Since strings are also iterables, they can also be used in for loops:

>>> for ch in 'ABC':
...     print(ch)
...
A
B
C

So, when we use a for loop, as long as it acts on an iterable object, the for loop will work fine, and we don't really care if the object is a list or some other data type.

So, how to judge an object is an iterable object? The method is judged by the Iterable type of the collections module:

>>> from collections import Iterable
>>> isinstance('abc', Iterable) # str是否可迭代
True
>>> isinstance([1,2,3], Iterable) # list是否可迭代
True
>>> isinstance(123, Iterable) # 整数是否可迭代
False

The last little question, what if you want to implement a subscript loop like Java for list? Python's built-in enumerate function can turn a list into index-element pairs, so that both the index and the element itself can be iterated over in a for loop

>>> for i, value in enumerate(['A', 'B', 'C']):
...     print(i, value)
...
0 A
1 B
2 C

In the above for loop, two variables are referenced at the same time, which is very common in Python, such as the following code:

>>> for x, y in [(1, 1), (2, 4), (3, 9)]:
...     print(x, y)
...
1 1
2 4
3 9

Small exercise:

def findMinAndMax(L): 
    if len(L)==0:
        return (None,None)
    else:
        max = L[0]
        min = L[0]
        for i in L:
            if i>max:
                max = i
            if i<min:
                min = i
        return (min,max)

# 测试
if findMinAndMax([]) != (None, None):
    print('1测试失败!')
elif findMinAndMax([7]) != (7, 7):
    print('2测试失败!')
elif findMinAndMax([7, 1]) != (1, 7):
    print('3测试失败!')
elif findMinAndMax([7, 1, 3, 9, 5]) != (1, 9):
    print('4测试失败!')
else:
    print('测试成功!')

list comprehension

List comprehensions, or List Comprehensions, are very simple but powerful built-in comprehensions in Python that can be used to create lists.

For example, to generate the list [1, 2, 3, 4, 5, 6, 7, 8, 9, 10] use list(range(1, 11)):

>>> list(range(1, 11))
[1, 2, 3, 4, 5, 6, 7, 8, 9, 10]

But what if you want to generate [1x1, 2x2, 3x3, …, 10x10]? The first method is to loop:

>>> L = []
>>> for x in range(1, 11):
...    L.append(x * x)
...
>>> L
[1, 4, 9, 16, 25, 36, 49, 64, 81, 100]

But the loop is too cumbersome, and the list comprehension can replace the loop with one line to generate the above list:

>>> [x * x for x in range(1, 11)]
[1, 4, 9, 16, 25, 36, 49, 64, 81, 100]

When writing a list comprehension, put the element x * x to be generated in the front, followed by a for loop, you can create a list, which is very useful, write it a few times, and you can quickly become familiar with this syntax.

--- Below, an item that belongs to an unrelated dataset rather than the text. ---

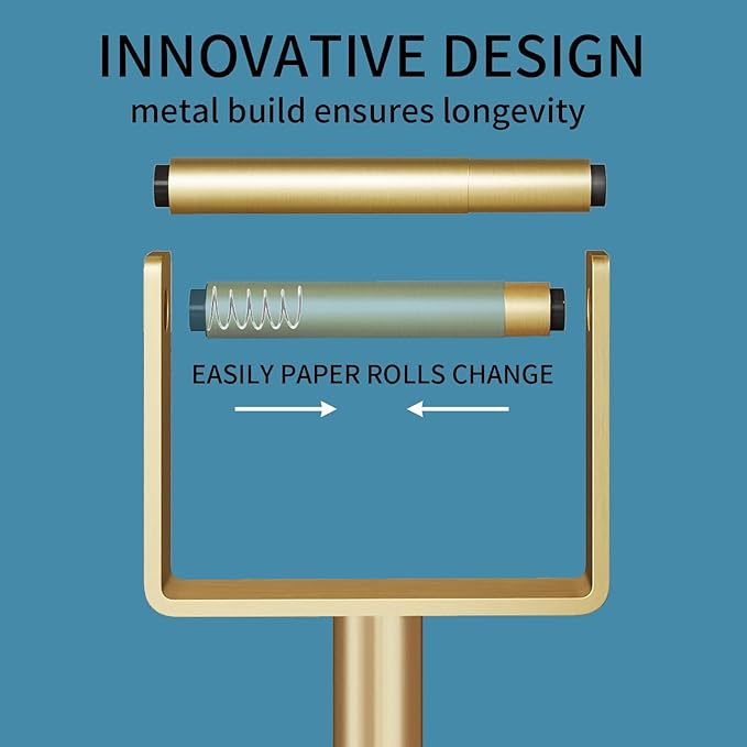 YUMORE Toilet Paper Holder Free Standing, Stainless Steel Toilet Paper Stand, Weighted Base Floor Tissue Roll Holder for Bathroom,Gold 200UP

You can also add an if judgment after the for loop, so that we can filter out only even squares:

>>> [x * x for x in range(1, 11) if x % 2 == 0]
[4, 16, 36, 64, 100]

It is also possible to use a two-layer loop, which can generate a full permutation:

>>> [m + n for m in 'ABC' for n in 'XYZ']
['AX', 'AY', 'AZ', 'BX', 'BY', 'BZ', 'CX', 'CY', 'CZ']

Loops with three or more layers are rarely used.

Using list comprehensions, you can write very concise code. For example, listing all files and directory names in the current directory can be done with one line of code:

>>> import os # 导入os模块,模块的概念后面讲到
>>> [d for d in os.listdir('.')] # os.listdir可以列出文件和目录
['.emacs.d', '.ssh', '.Trash', 'Adlm', 'Applications', 'Desktop', 'Documents', 'Downloads', 'Library', 'Movies', 'Music', 'Pictures', 'Public', 'VirtualBox VMs', 'Workspace', 'XCode']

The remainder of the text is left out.